Region of interest analysis.

We used regions of interest (ROIs) from Bartra et al. (2013). This is a quantitative meta-analysis of studies that report value-related neural signals during decision making. The regions of interest used here were defined from an analysis of 27 studies reporting subjective value effects (i.e., increased BOLD signal for increasingly valuable rewards) at the time when subjects were evaluating the available choice options. Regions of interest in bilateral ventral striatum and ventromedial prefrontal cortex defined by this contrast are available for download (http://www.sas.upenn.edu/∼mcguirej/meta-analysis.html). Slight differences in the downloadable masks and the masks used here are due to the downsampling process from 2 to 3 mm voxel sizes. The resulting regions are bilateral ventral striatum (300 voxels at 3 × 3 × 3 mm, centered on MNI coordinates −6, 8, and −4 on the left, and 6, 10, and −8 on the right) and ventromedial prefrontal cortex (609 voxels at 3 × 3 × 3 mm, centered on MNI coordinates −2, 40, and −8). The regions of interest used are shown in Figure 2.

Figure 2.

Figure 2.

Open in a new tab

BOLD activity during the temporal judgment task differentiates high and low discounters. A, C, Region of interest encompassing ventral striatum (A) and ventromedial prefrontal cortex (C), identified from previous meta-analysis (Bartra et al., 2013). B, D, BOLD activity in the ventral striatum (B) and ventromedial prefrontal cortex (D) ROIs at question onset during the temporal judgments task is plotted based on the length of delay being judged on that trial (26 delay lengths represented in 13 bins). Participants are divided at the median into high (n = 20) and low (n = 19) discounters based on their behavior during the temporal discounting task. Average BOLD activity at each delay is plotted for the high (red) and low (blue) discounting groups. Light colors are SE ranges.

Results

On each trial of the temporal judgment task, participants indicated their perceived duration of a future delay on a visual analog scale (Fig. 1A). Delays ranged from 14 to 364 d. In the temporal discounting task, participants indicated how much they valued a delayed gain of $75 (Fig. 1C). The delays were identical to those used in the temporal judgment task. For each subject, we fit the relationship between objective time and the person's valuation with the following function: BID = 75/(1 + k × OT), to estimate each subject's k value.

Our analyses concentrated on the link between neural responses in the temporal judgment task and delay discount rates as measured in the temporal discounting task 10 d later. Previous studies of intertemporal choice have identified correlates of subjective value during decision making in ventral striatum and ventromedial prefrontal cortex (Kable and Glimcher, 2007, 2010; Peters and Büchel, 2009, 2010b). We defined regions of interest in the ventral striatum and ventromedial prefrontal cortex based on a quantitative meta-analysis that examined subjective value correlates during decision making (Bartra et al., 2013).

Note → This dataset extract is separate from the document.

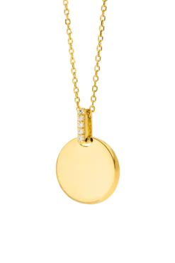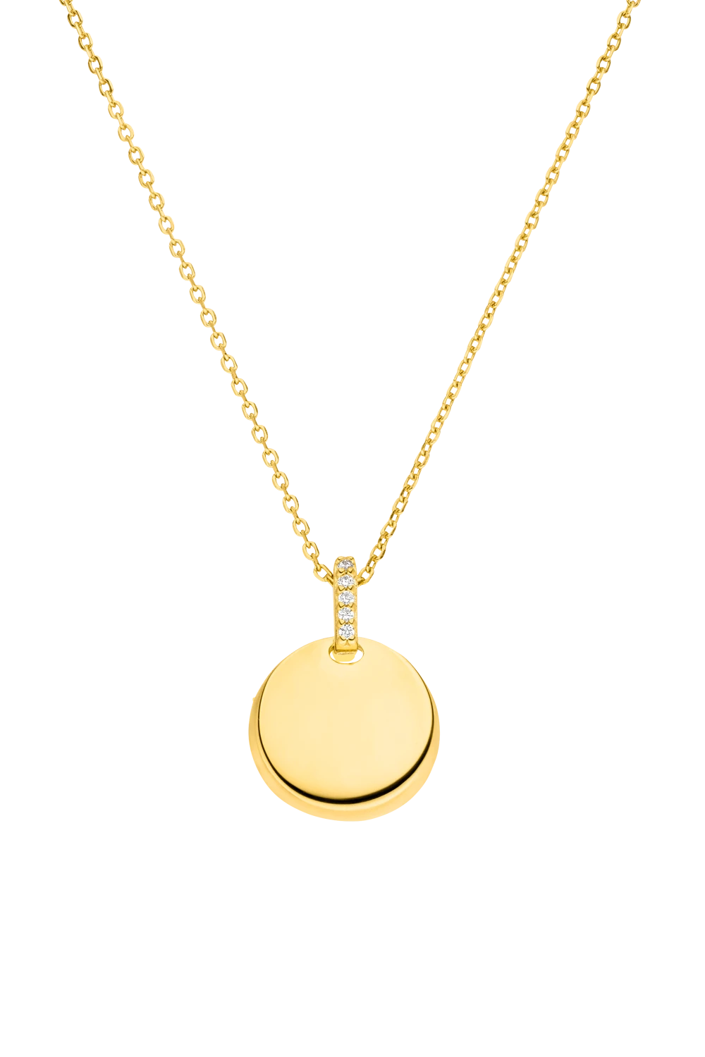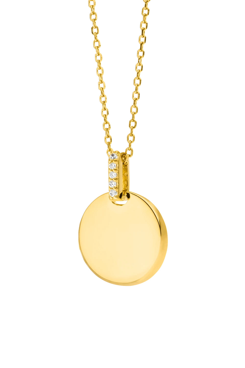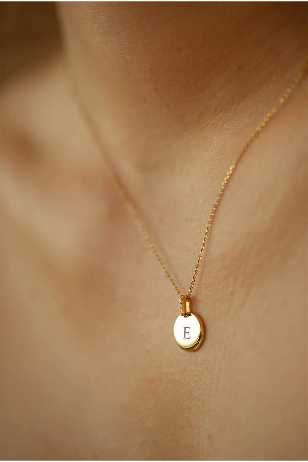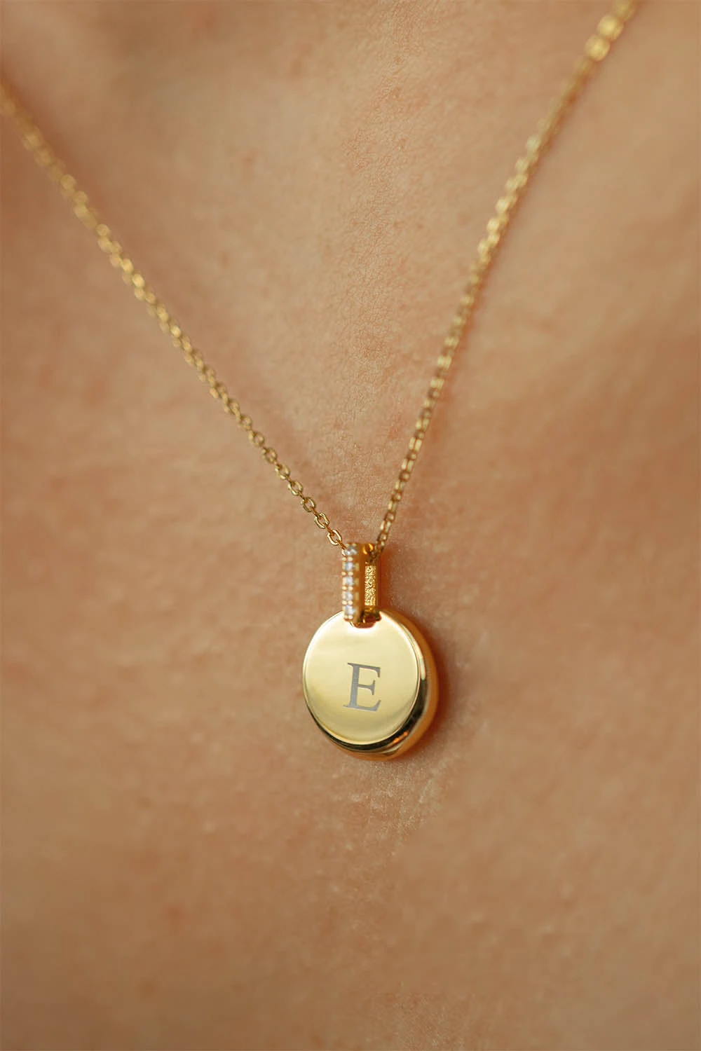 Meet our Engravable Round Pavé Necklace: an elegant layering necklace that serves as a perfect daily reminder of your favourite memory, person, or pet! You can engrave a name, initials, or a number on the plate (up to 3 characters). Looking for a gift for your girlfriend, mother, or daughter? This is a thoughtful gift for someone you love. The size of the engraving shown in the picture is for reference only – the size of the actual engraving may differ slightly. Available in silver and 14k gold plating.

We used two different approaches to examine the link between neural sensitivity to delay in the time judgment task and behavior on the time discounting task. In both cases, we looked at the neural response in the temporal judgment task at the time when the participant first saw the future duration to be judged on that trial, before they could enter their response (Qon). First, we split participants at the median k value into two groups of high (n = 20) and low (n = 19) discounters. In both ROIs, we estimated the BOLD activity in the two groups at Qon as a function of the delay being judged (delays were divided into 13 bins). High discounters showed a higher response in both ventral striatum and ventromedial prefrontal cortex to short delay periods that decreased as delay lengths increased (Fig. 2). Low discounters showed the opposite pattern, with responses increasing from short delays to long delays (Fig. 2). The estimated slopes of individual subjects in the high and low discounting groups are significantly different (VS, p = 0.0026, two-tailed t test; VMPFC, p = 0.037, two-tailed t test).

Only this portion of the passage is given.